Pode ter, mas em muitos casos não. Os espécimes mais fascinantes de Messel podem ser aquelas espécies que não têm parentes vivos, embora pareçam familiares. No centro de visitantes, as crianças se aglomeram para ver como um conservador armado com escovas de dentes, palitos e bisturis limpa camadas de xisto betuminoso de um fóssil descoberto apenas algumas semanas antes. Para mim, o esqueleto de Ailuravus macrurus se parece com o de um esquilo gigante. Tem três metros de comprimento, incluindo a cauda espessa. Perto das costelas, uma mancha negra traça o trato digestivo fossilizado da criatura. Apesar de sua cauda, Ailuravus não é um ancestral esquilo. É um beco sem saída evolucionário; Ailuravus e todos os seus parentes morreram há mais de 37 milhões de anos. Por quê? Talvez eles tenham sido vítimas de mudanças climáticas, ou de um concorrente melhor adaptado, ou de fontes alimentares desaparecidas, ou simplesmente de má sorte.

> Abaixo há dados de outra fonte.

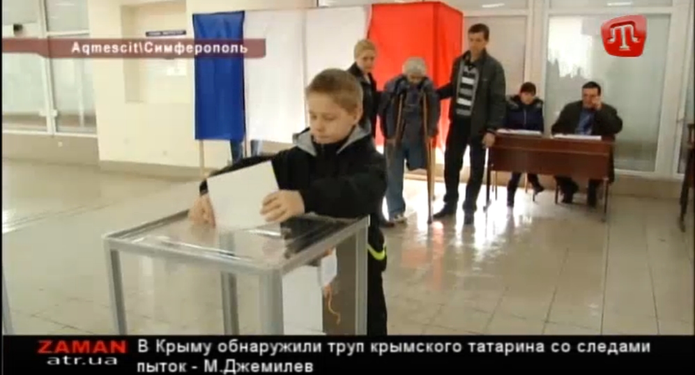 2050 GMT: The Crimean Tatar TV station ATR has reported at 19:30 pm local time on numerous violations of election law during the referendum. While the self-appointed government of Sergei Aksyonov is already celebrating, official results will not be announced in parliament until tomorrow morning. Turnout was 77.9% according to Mikhail Malyshev, head of the Commission for the All-Crimean Referendum on Status of Crimea; the highest turnout was in Kerch, where 82% of eligible voters appeared, and the lowest in Belogorsk and Kirov Districts, where there were still more than 50% of voters. In many districts, the number of votes on the additional lists exceeded the number of existing voters on the rolls.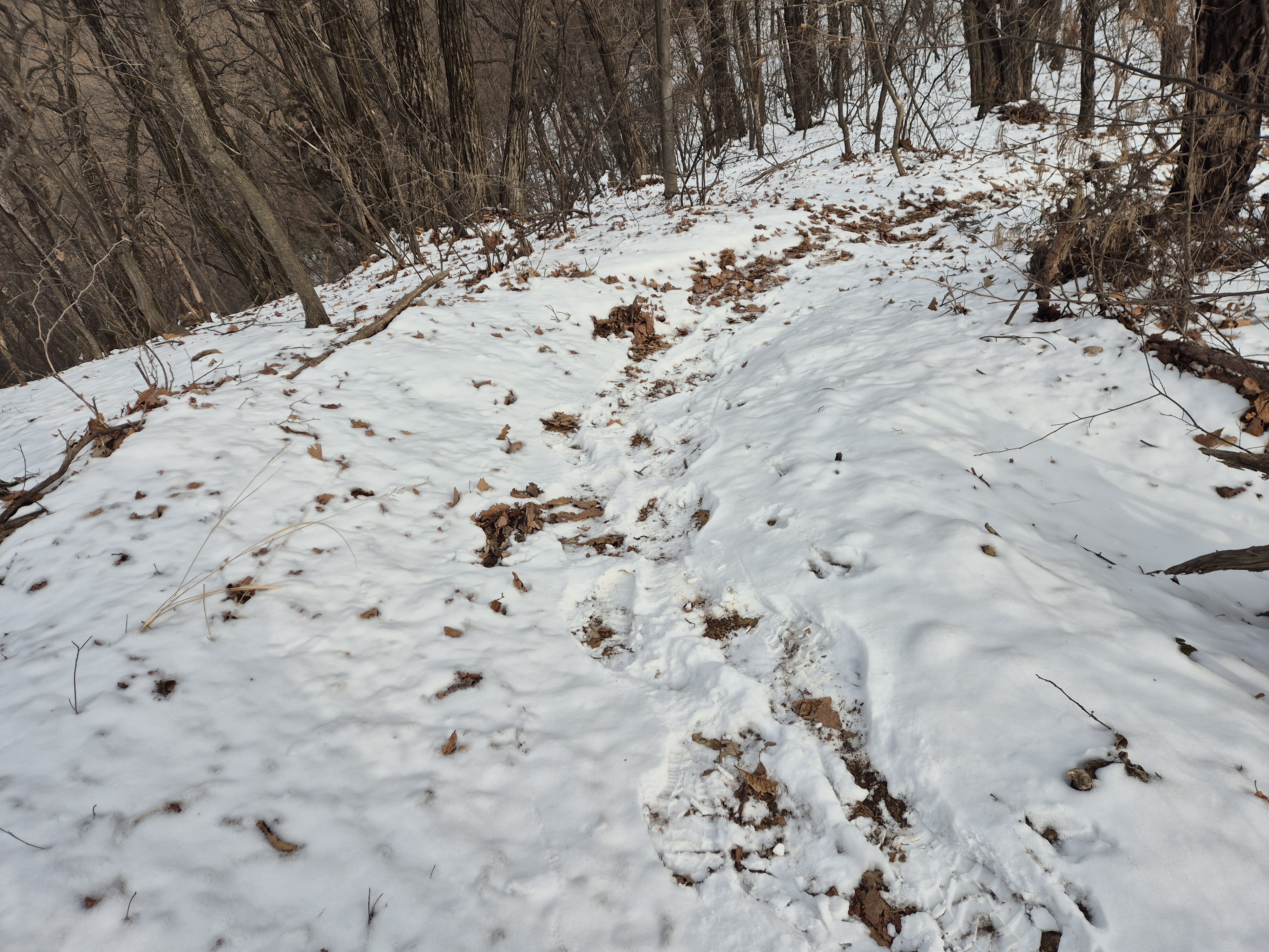 이곳은 음지라 며칠전 내린눈이 거의 그대로가 대지를 뒤덮고있다.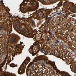 - Immunohistochemical staining of human placenta shows strong cytoplasmic positivity in trophoblastic cells.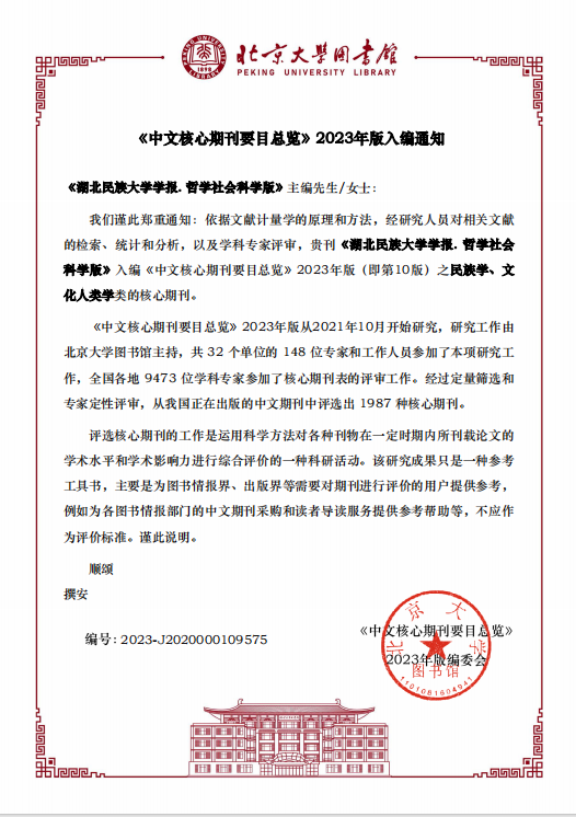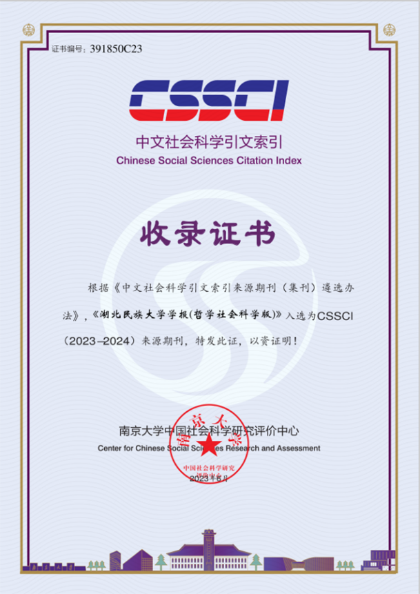 2023年6月,《湖北民族大学学报(哲学社会科学版)》入选CSSCI(2023—2024)来源期刊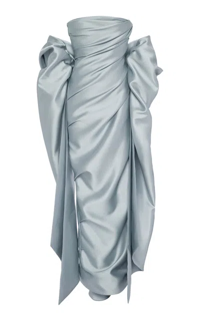 Marisol Embroidered Pleated Taffeta Gown In Blue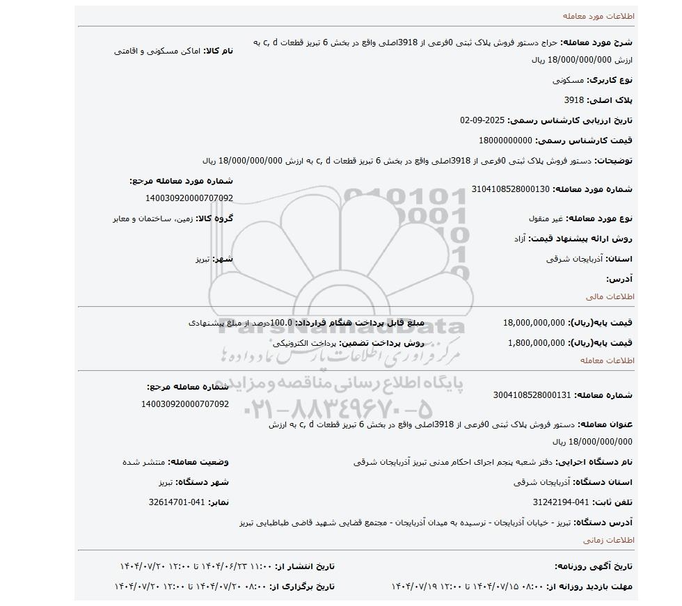| شرح مورد معامله: حراج دستور فروش پلاک ثبتی 0فرعی از 3918اصلی واقع در بخش 6 تبریز قطعات c, d به ارزش 18/000/000/000 ریال | نام کالا: اماکن مسکونی و اقامتی | |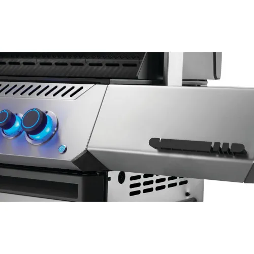 Но Napoleon Prestige также привлекает внимание: благодаря новому дизайну гриль выглядит минималистично и цельно. Боковые столики идеально выровнены с панелью управления, а удлиненная крышка с прямой ручкой и дверцы с горизонтальными утопленными ручками создают элегантный, обтекаемый вид.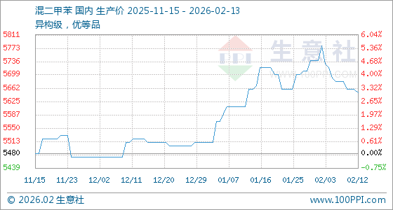 2月13日,生意社混二甲苯基准价为5650.00元/吨,与本月初(5740.00元/吨)相比,下降了1.57%。

A semelhança de Ailuravus com um esquilo moderno é um exemplo de convergência evolutiva. Com tempo suficiente, as adaptações podem levar a soluções quase idênticas - caudas grossas, digamos, ou patas traseiras poderosas semelhantes a cangurus - surgindo em diferentes espécies. “É como usar os mesmos Legos para construir formas diferentes”, diz Lehmann.

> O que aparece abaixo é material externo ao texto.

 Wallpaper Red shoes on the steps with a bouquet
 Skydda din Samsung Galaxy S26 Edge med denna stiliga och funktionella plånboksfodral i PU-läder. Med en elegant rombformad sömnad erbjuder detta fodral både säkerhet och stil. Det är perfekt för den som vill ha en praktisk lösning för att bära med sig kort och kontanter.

E há formulários em abundância no Pit Messel. Os fósseis primorosamente preservados forneceram aos paleontólogos uma visão sem precedentes sobre as estratégias adaptativas - algumas bem-sucedidas, outras não - adotadas pelos mamíferos para alimentação, movimento e até reprodução. Por exemplo, o conteúdo do estômago do pequeno cavalo pré-histórico - folhas fossilizadas e sementes de uva - indica que o animal não era um grazer, mas um navegador, comendo o que encontrava no chão da floresta. Os paleontólogos também encontraram oito espécimes fossilizados de éguas prenhes, cada uma carregando um único potro. Essa descoberta sugere que os cavalos primitivos já haviam adotado o comportamento de rebanho, uma vez que o cuidado com as articulações seria a melhor maneira de garantir a sobrevivência de um pequeno número de descendentes.

Tais descobertas fazem com que o local se pareça menos com um cemitério do que com uma cápsula do tempo que abrange um ecossistema de 48 milhões de anos. "Não é apenas paleontologia, é biologia", diz Jens Lorenz Franzen, um paleontólogo aposentado que trabalhou no Instituto de Pesquisa Senckenberg e ajudou a escavar algumas das descobertas mais notáveis ​​de Messel. "Podemos reconstruir o mundo vivo daquela época."